Bill Gates tweets that Omicron could be triggering ‘the worst part of the pandemic’

December 22, 2021, 4:50 PM UTC

Bill Gates said in a tweet thread Tuesday that the worst of the pandemic could be upon us with the rise of Omicron during the holiday season.

Cases of the Omicron variant now account for 73% of COVID infections in the U.S., the CDC said Monday, and it has taken over from Delta as the dominant strain. People around the world are contracting the virus at fast-increasing rates. But the tweets from Gates, the cofounder of Microsoft, bore particular weight because he has studied infectious disease and has advocated for wider vaccination as part of his philanthropic work over the past 20 years.
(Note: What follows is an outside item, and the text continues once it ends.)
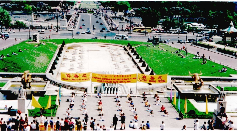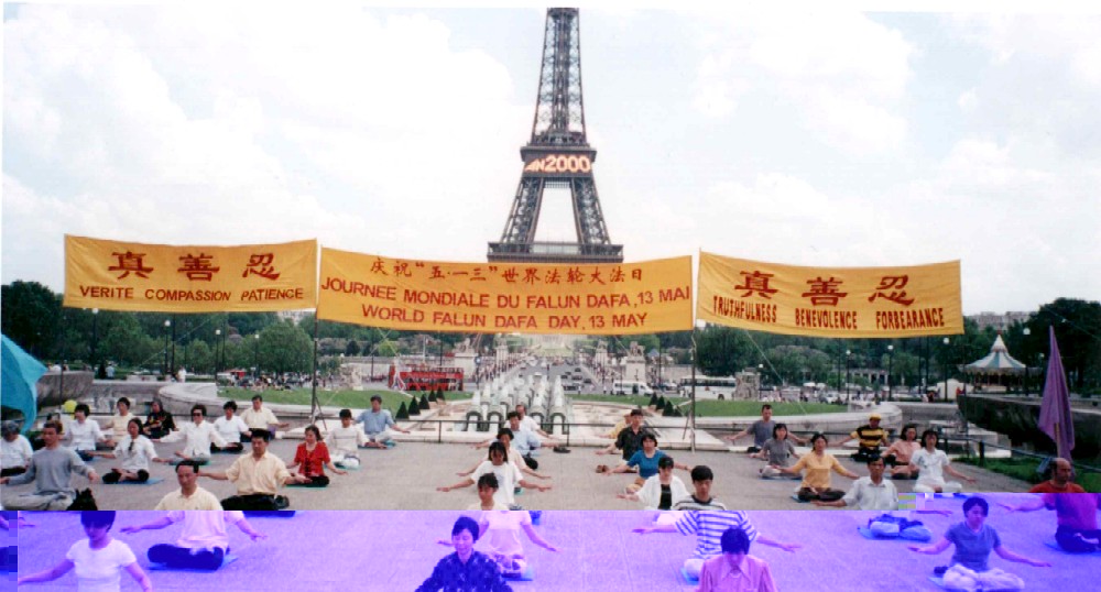 五月十三、十四日连续两天下午,巴黎的六十多位法轮大法弟子在埃菲尔铁塔对面游人众多的 Trocadero 喷水池边集体炼功、弘法。弘法场地上学员们拉开了“法轮大法”、“真善忍”、“庆祝五 . 一三世界法轮大法日”等横幅,插上了彩旗,竖起了介绍法轮大法的彩色照片,桌子上摆满了译成世界各国语言的大法书籍和介绍大法的资料,数十位中西学员随着炼功音乐,静静地炼功。

Gates said in a tweet that “we could be entering the worst part of the pandemic” and that “Omicron will hit home for all of us.” The billionaire said some of his close friends have been infected with the virus and that he has already canceled most of his holiday plans. Gates warned that there will continue to be more breakthrough infections among vaccinated people—not because COVID vaccines don’t work, but because the new variant is more infectious than those that came before it.

Because of its apparent resistance to vaccines, the Omicron variant is spreading rapidly even in areas where the population has a high level of immunity, according to the World Health Organization. 
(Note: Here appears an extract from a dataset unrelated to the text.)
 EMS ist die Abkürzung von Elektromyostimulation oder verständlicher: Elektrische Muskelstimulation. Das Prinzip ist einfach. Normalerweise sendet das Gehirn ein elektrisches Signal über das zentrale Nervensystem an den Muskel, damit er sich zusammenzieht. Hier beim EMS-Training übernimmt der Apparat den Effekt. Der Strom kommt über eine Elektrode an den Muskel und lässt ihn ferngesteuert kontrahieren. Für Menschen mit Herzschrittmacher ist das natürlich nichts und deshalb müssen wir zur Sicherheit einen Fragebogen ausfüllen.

Even though early research from South Africa suggests that those infected with the Omicron variant are 80% less likely to be hospitalized than those hit by earlier strains, its increased infectiousness is putting the immunocompromised at risk worldwide.
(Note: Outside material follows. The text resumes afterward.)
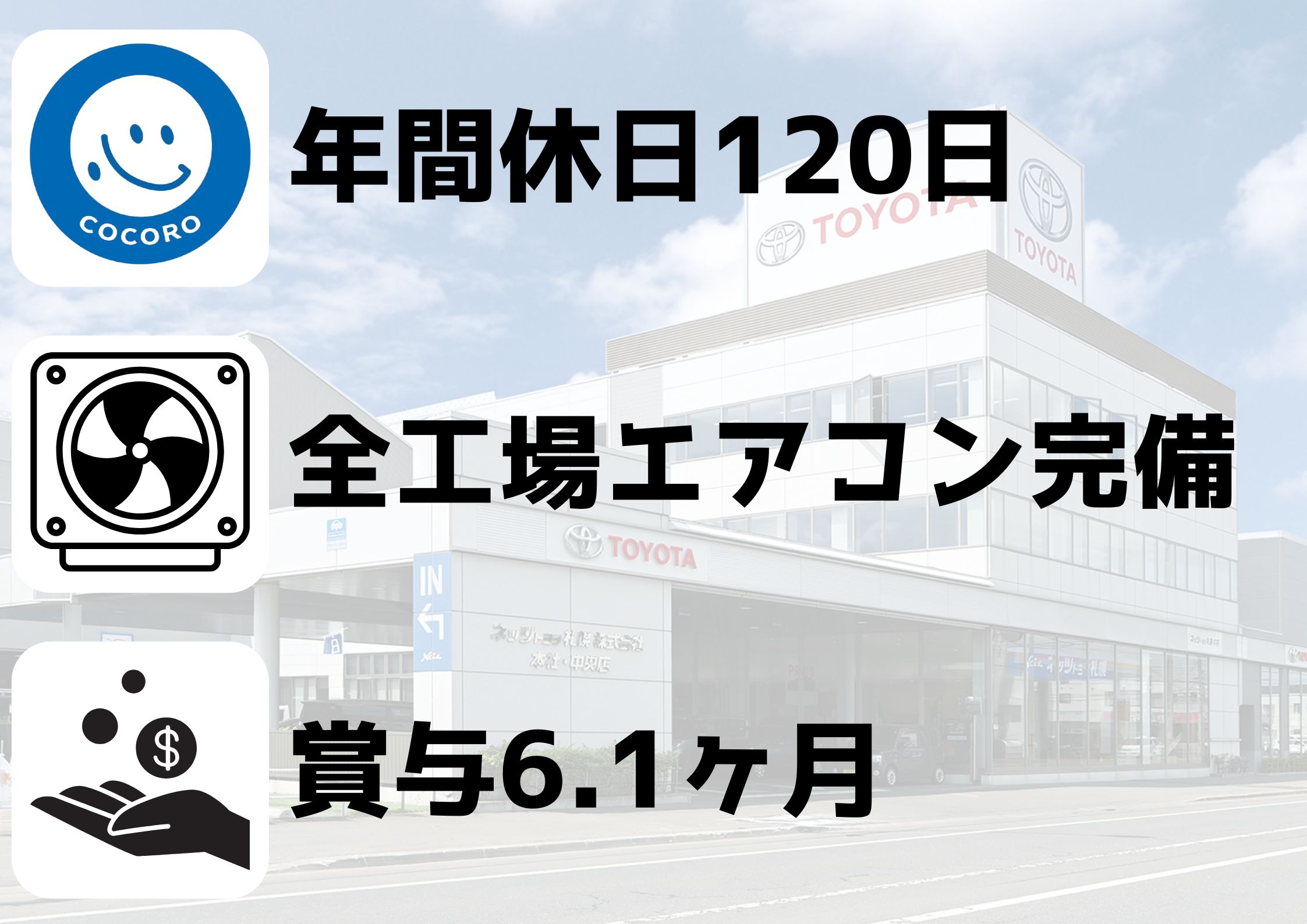 その中でもしネッツトヨタ札幌に興味を持ってもらえたら、明るく楽しい先輩方が待っていますので、ぜひ一緒に働けるのを楽しみにしています。

Gates ended his Tweet thread on a positive note. He said that once Omicron becomes the dominant variant in a country, that country’s infection wave could be over in less than three months. Gates wrote that he believes the pandemic could still end in 2022.

In the meantime, Gates said people need to take proper precautions including wearing masks, avoiding big indoor gatherings, and getting the COVID vaccine or booster.

“Someday the pandemic will end, and the better we look after each other, the sooner that time will come,” Gates concluded.